SWIMMING TO TOKYO
by Brenda St John Brown
Releases July 29, 2014
The rules for swimming are simple:
Rule #1: There is no lifeguard on duty.
Since her mom died three years ago, nineteen-year-old Zosia Easton’s been treading water. Living at home. Community college. Same old Saturday nights. So when her father breaks the news he’s taken a job transfer—and by the way, it means renting out the house that’s been her refuge—a summer in Tokyo feels like it just might be a chance to start swimming again.

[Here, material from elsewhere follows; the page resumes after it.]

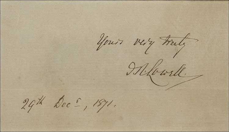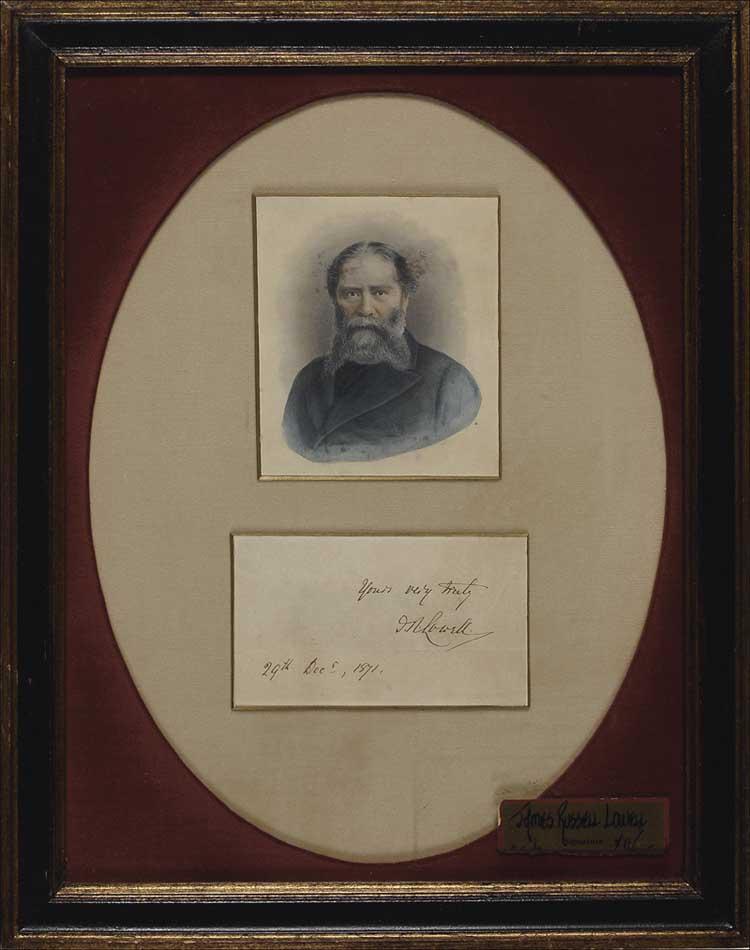 American writer and diplomat (1819–1891) who, after a long and successful career as a poet, satirist, and essayist, served as minister to the court of Spain. Ink signature, “Yours very truly, J. R. Lowell 29th Dec., 1871,” on an off-white 4.5 x 2.75 slip. Slip appears to be affixed to an identical size card. Cloth matted and framed with a color portrait, to an overall size of 11.5 x 14.5. The frame back bears the printed label and red wax seal of noted autograph dealer Charles Hamilton. In fine condition, with a horizontal fold under signature, and a bit of scattered light toning. RRAuction COA.

Rule #2: Beware of unexpected currents.
Finn O’Leary has spent God knows how many years trying to drown out his past. Juvenile detention. Bad decisions. Worse choices. He’s managed to turn it around – MIT, Dean’s List, a sexier-than-thou body with a smile to match – at least on the surface. When his mom asks him to spend the summer with her, Tokyo seems as good a place as any to float through the summer.
Rule #3: Swim at your own risk.
GUEST POST: Eat at Your Own Risk
Everyone’s heard of sushi. But beware the green stuff. Wasabi will clear your sinuses faster than you can “Oh my God, that’s hot!”
In SWIMMING TO TOKYO, Zo is a little bit of a control freak when it comes to food. And, well, no wonder because, while the food in Japan is amazing, it can also be a little…surprising.
Then there’s takoyaki. It looks pretty good. What can be bad about deep-fried…octopus balls? Besides, um, the octopus? (It’s actually not that bad once you get over the surprise.)
Of course, for those who like their octopus straight up, there’s nothing like a tentacle or two in a bowl of ramen.
Sometimes, though, you just want your noodles sans sea creatures. Yakisoba, a popular takeaway item, is perfect. It’s especially great for lunch at your desk, as it’s good warm or cold.
Another popular lunch item is the bento box. It’s a “set lunch” that usually involves some kind of fish, some kind of noodles/rice, and some kind of vegetable.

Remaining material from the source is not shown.